‘Natural Creation’ is based around highly polished metal figures and shapes in which you can see yourself and the landscape reflected together. It is part of a three-year programme of new work supported by the Heritage Lottery Fund and a range of other funders, in this case Arts Council England, celebrating and building on the North Pennines’ UNESCO Global Geopark designation.
The geology of Low Force has a story which goes back over 320 million years, to the Carboniferous period of earth history. Millions of years of changing climates and environments created alternating layers of limestone and sandstone rock, sometimes with a layer of shale. 295 million years ago, in the early Permian period, molten magma welled up in the earth through cracks and fissures in the layered rocks and spread out in a roughly horizontal layer between the Farne Islands and Teesdale. It never reached the surface (or we’d have had a volcano in the North Pennines) but instead it cooled underground for around 50 years, forming a hard, flat-lying layer that the old miners called the Whin Sill. Over the nearly three hundred million years since then, the rocks above the Whin Sill have been weathered and eroded away by earth processes. Where the hard, erosion-resistant Whin Sill crops out across the course of rivers, it forms the lip of waterfalls like at Low Force and High Force, just upstream.
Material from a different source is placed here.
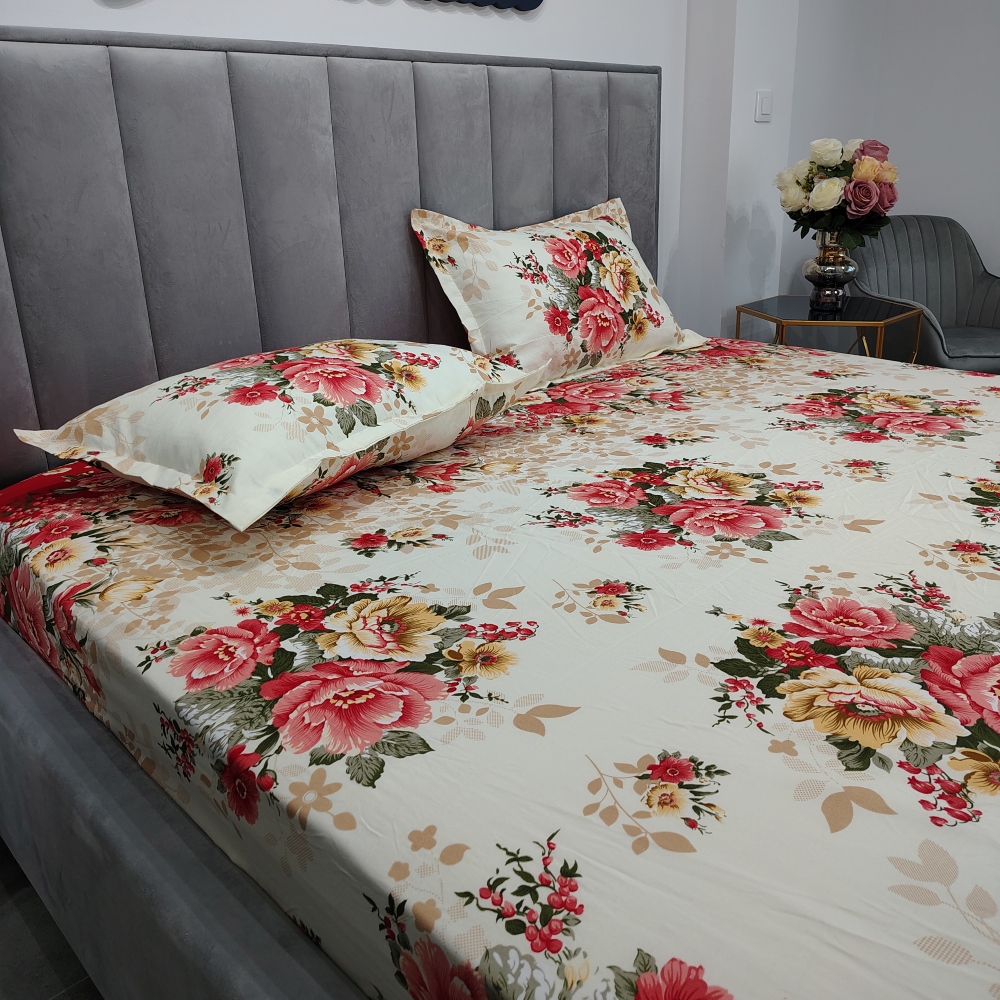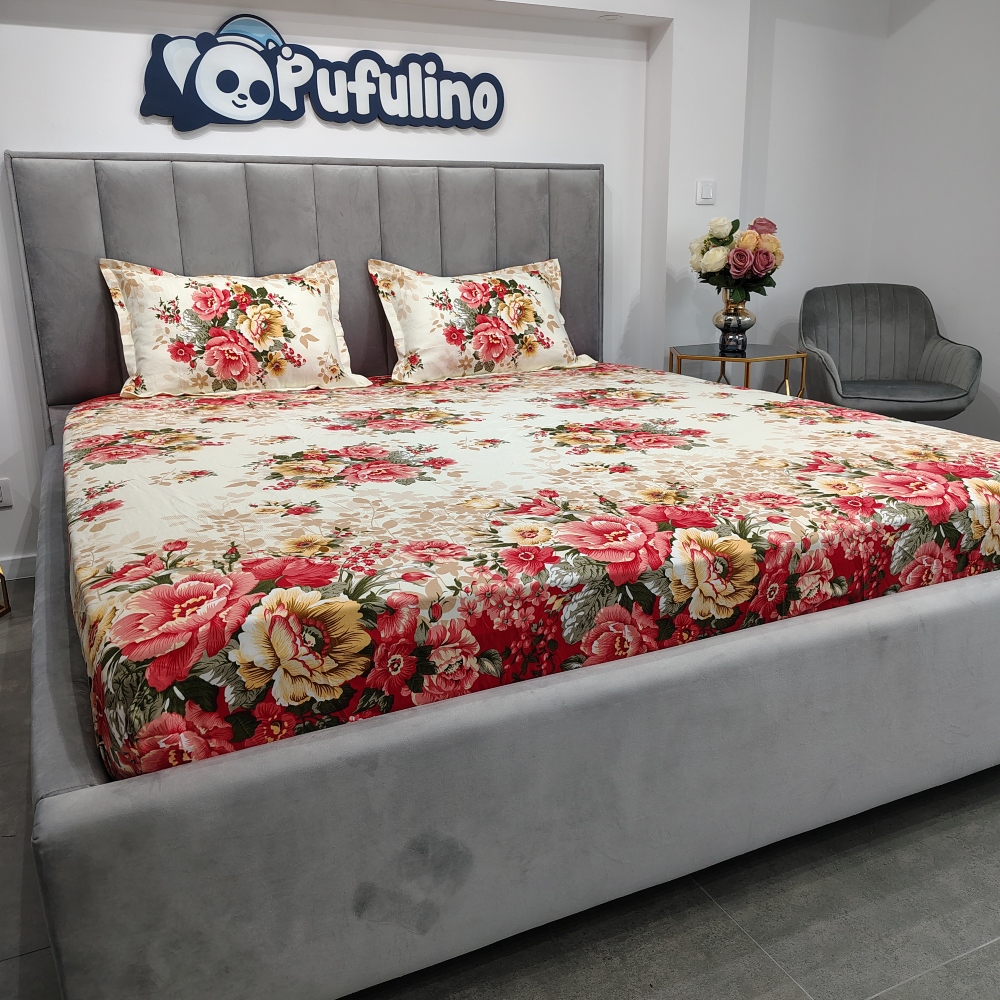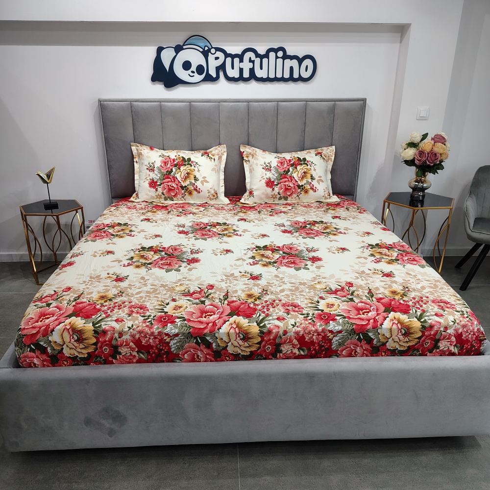 Husa de pat cu elastic din Bumbac Finet + 2 Fete de Perna, Pat 2 Persoane Red Roses – Sky Home – PUF24130
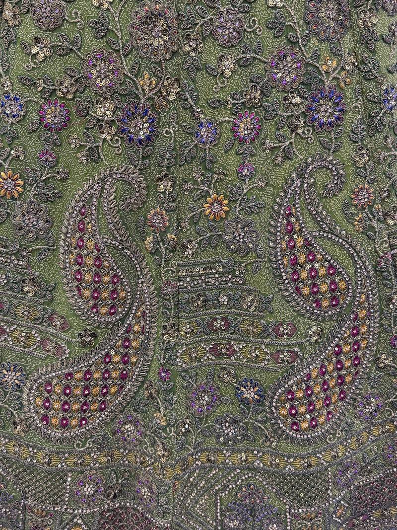 | Product Description | This Elegant Olive Green Bridal Lehenga With Antique Gold Detailing Features Rich Embroidery In Tones Of Maroon, Bronze, And Muted Gold With A Soft Shimmer. It Comes With Standard Stitching, Cancan And Canvas Attached, And A Grand 4+ Meter Flair.

Artist Rob said: “Natural Creation celebrates the creative power and majesty of nature. My installation imagines the geological forces shaping and forming the land over millions of years. My aim is to reflect the dynamic forces at play in nature through the representation of the Whin Sill forcing its way through the ground. The mirrored figures represent our innate connection with our natural environment. They stand passively guarding the elements; a vestige of our past and a mirror to our future.”